His rhythm is getting sloppier, you can feel his cock twitching inside you that you know he’s close. What’s his next move--? Will he come inside you? Or pull out and cum on your face? He seems like the type to enjoy facials. 
“S-sanzu--“ you whimper when he looks down at you, “cum on me… please.” You don’t care where at this point--as long as it’s not inside. You’re not ready for that yet.
“Fuck,” he grunts, throwing his head back and repositioning his hips to slam harder into you. You grip onto the nearest cushion, grip so tight you swear you can rip the fabric off if you tried hard enough. “That’s it—cum around my cock, sexy.”

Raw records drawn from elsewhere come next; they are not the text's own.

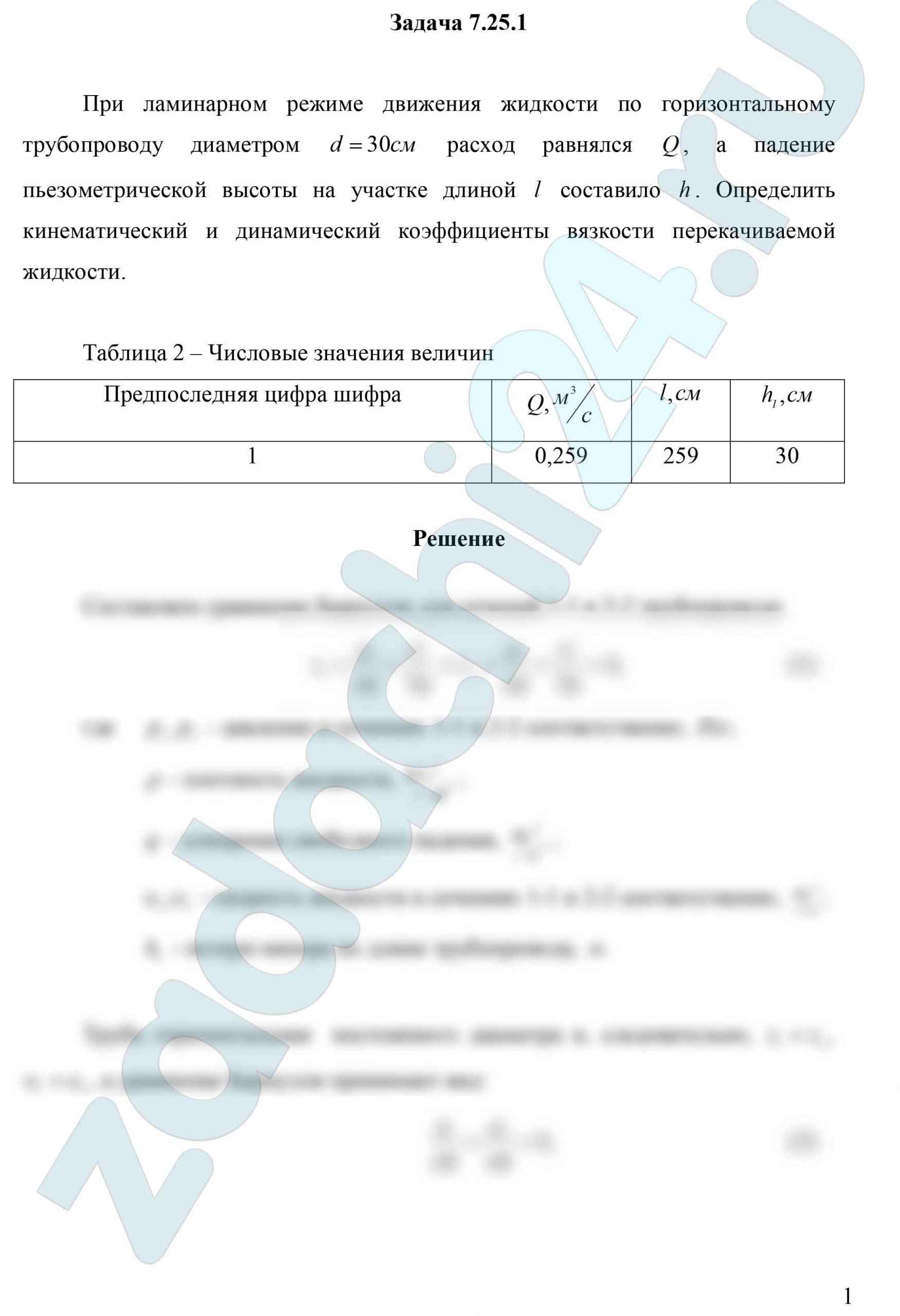 7.25 При ламинарном режиме движения жидкости по горизонтальному трубопроводу диаметром d=30 см расход равнялся Q, а падение пьезометрической высоты на участке трубопровода длиной l составило hl. Определить кинематический и динамический коэффициенты вязкости перекачиваемой жидкости.
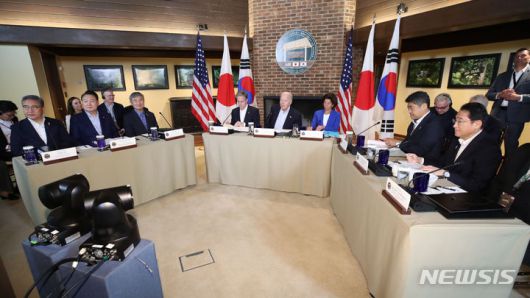 이날 윤석열 대통령과 조 바이든 미국 대통령, 기시다 총리는 한국시간으로 19일 0시 캠프데이비드에서 만났다. 이보다 앞서 만난 윤 대통령과 바이든 대통령은 별도로 한미 정상회담을 진행했다.
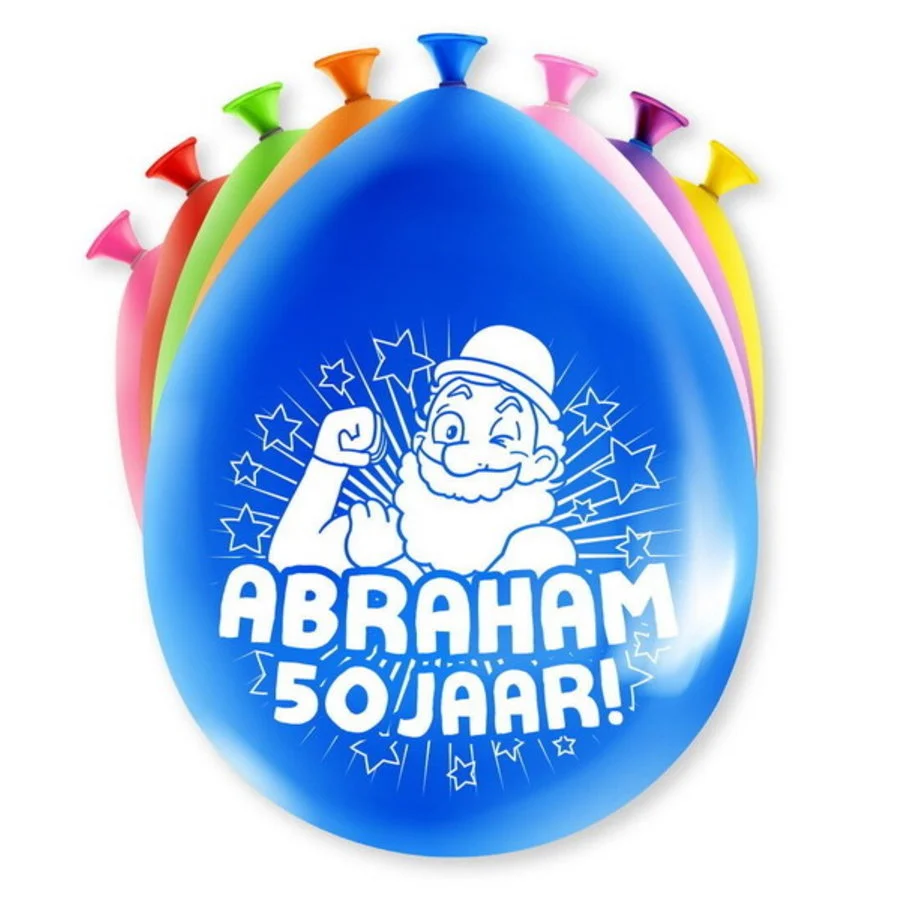 Een zakje met 8 goede kwaliteit ballonnen bedrukt met de tekst Abraham 50 jaar. Doorsnede: 30cm.
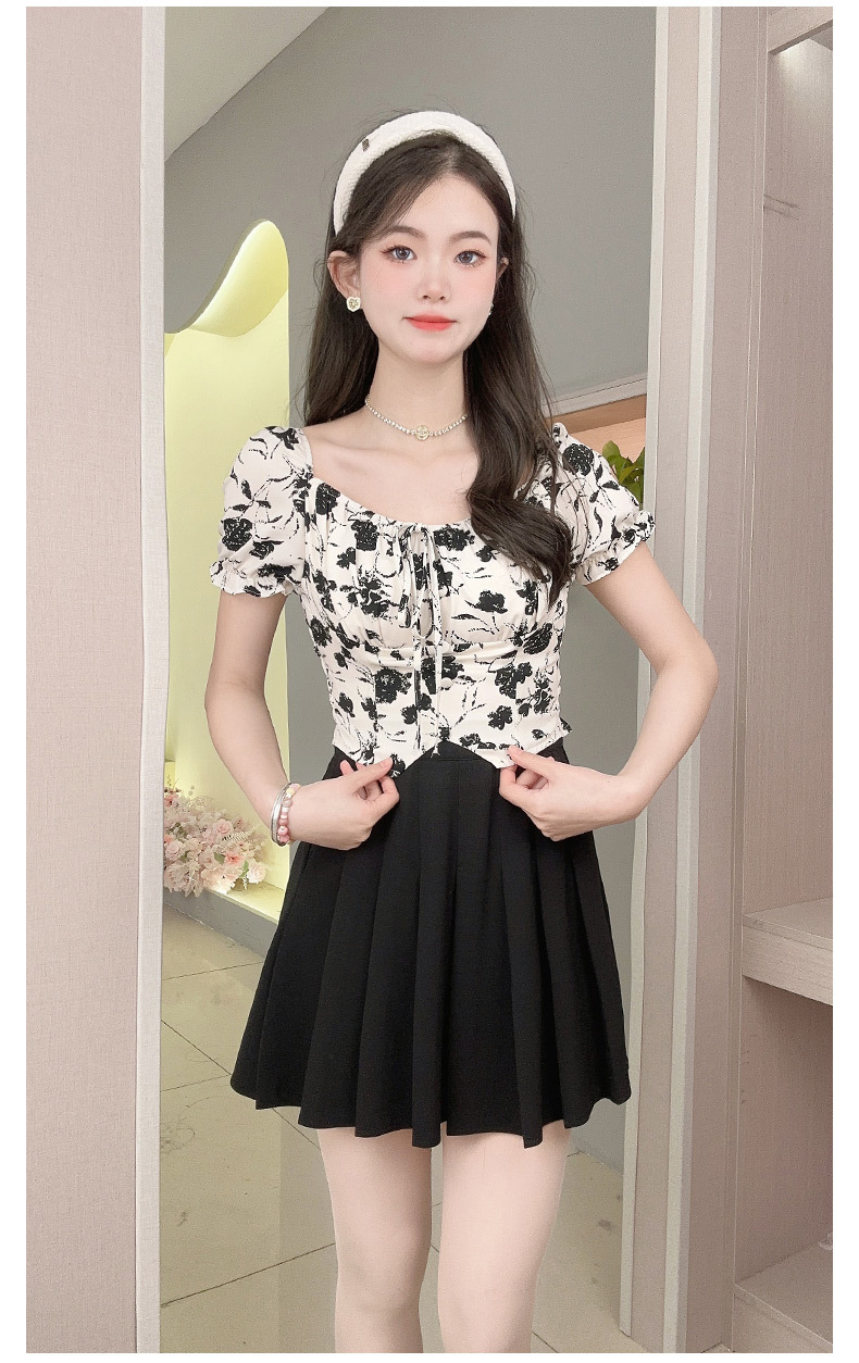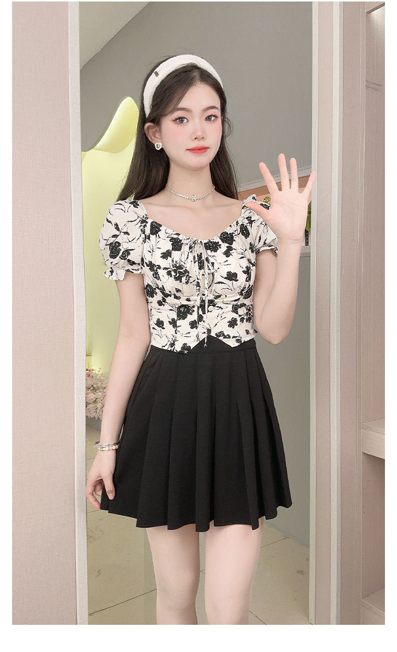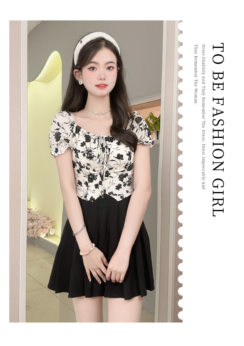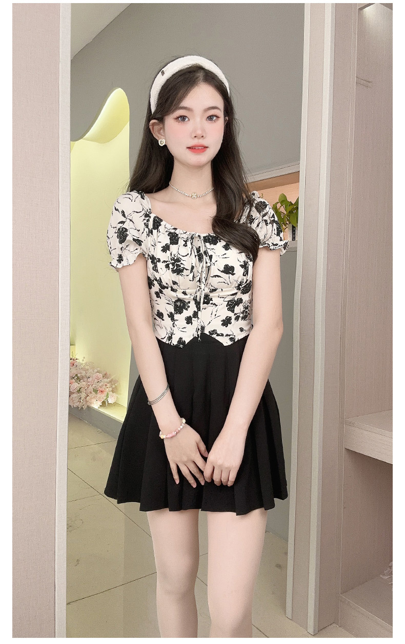 프랑스 스타일 스퀘어 칼라 꽃 쉬폰 셔츠 버블 슬리브 짧은 슬리밍 순수한 욕망 탑 여성의 디자인 감각 틈새 시크 작은 셔츠스토어 가기

You can’t help it, body spazzing violently as you hide your face with the cushion, muffling out your moans as you cum on his cock. 
His movements still and he’s quick to pull out of you, ripping the condom off and tossing it somewhere across the room. His hands are fast, jerking himself off before he throws his head back, moaning quite loudly as he splashes ropes of cum on your chest, aiming for your nipples but some lands on your stomach. 
“Oh my god.” He watches with wide eyes and heavy breaths as you dip your fingers onto the pool of cum on your chest, scooping some up with two fingers, stuffing them into your mouth, moaning obscenely around your fingers as you suck the residue off.
“Next time,” you take another scoop, but instead of eating it, you play with it, stretching your fingers far apart to see how far it stretches before it eventually snaps, “next time cum inside me.”
“Next time?” He leans forward to kiss you, groaning a bit at the salty taste of his cum, but it fades away with the way you’re licking into his mouth. You hum and nod into the kiss, fingers sliding behind his back to leave scratch marks that have him shuddering.
 You break the kiss to bite at his bottom lip, “Yeah, next time.”
Sanzu thought this would be a one time thing—hit and dip—as the old saying goes. But seeing you there, looking up at him so deviously—he doesn’t think he can fuck another woman that’s not you again.